• How to complete this task: Only lines, not pictures: please repeat exactly the lines from the one with "活动开始前,志愿者以班级为单" through the end of the listing.

• Recorded information:
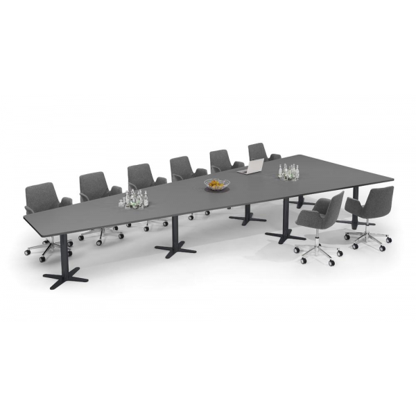 Konferenztisch DUBLIN, 73,5cm (H), 500x80/205cm (BxT), 12 Personen, Trapezform, anthrazit / anthrazit
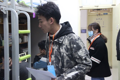活动开始前,志愿者以班级为单位报名参与活动,并通过简单的培训明确活动的大体流程以及具体分工安排。活动正式开始,在清点人数之后志愿者跟随工作人员前往不同的宿舍进行走访。工作人员首先对宿舍里的卫生进行了细致的检查,各个宿舍通风良好,被子的叠放、地面的卫生、桌面物品的摆放以及厕所的整洁程度等均符合公司要求。随后志愿者询问同学关于规范用电、防盗防骗防火等宿舍安全问题并在交流走访的过程中相互学习宿舍维护管理的优点,同时发现自己的不足并及时改正。接下来,志愿者们给同学们分享生活小妙招以及自己的宿舍卫生打扫整理的经验,同学们认真聆听并做好相关笔记。
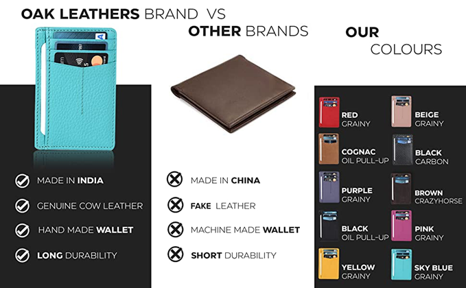 - ★REAL LEATHER : Oak Leathers wallet are MADE IN INDIA products and that comes in various Leather Quality. Oak Leathers manufactures only REAL authentic Leather Porducts which is tanned in India. The Tanning process includes Vegetable Tanning where we use extracts of Oak Bark to make the Leather Softer and rich in Looks.

• Answer box:
活动开始前,志愿者以班级为单位报名参与活动,并通过简单的培训明确活动的大体流程以及具体分工安排。活动正式开始,在清点人数之后志愿者跟随工作人员前往不同的宿舍进行走访。工作人员首先对宿舍里的卫生进行了细致的检查,各个宿舍通风良好,被子的叠放、地面的卫生、桌面物品的摆放以及厕所的整洁程度等均符合公司要求。随后志愿者询问同学关于规范用电、防盗防骗防火等宿舍安全问题并在交流走访的过程中相互学习宿舍维护管理的优点,同时发现自己的不足并及时改正。接下来,志愿者们给同学们分享生活小妙招以及自己的宿舍卫生打扫整理的经验,同学们认真聆听并做好相关笔记。
 - ★REAL LEATHER : Oak Leathers wallet are MADE IN INDIA products and that comes in various Leather Quality. Oak Leathers manufactures only REAL authentic Leather Porducts which is tanned in India. The Tanning process includes Vegetable Tanning where we use extracts of Oak Bark to make the Leather Softer and rich in Looks.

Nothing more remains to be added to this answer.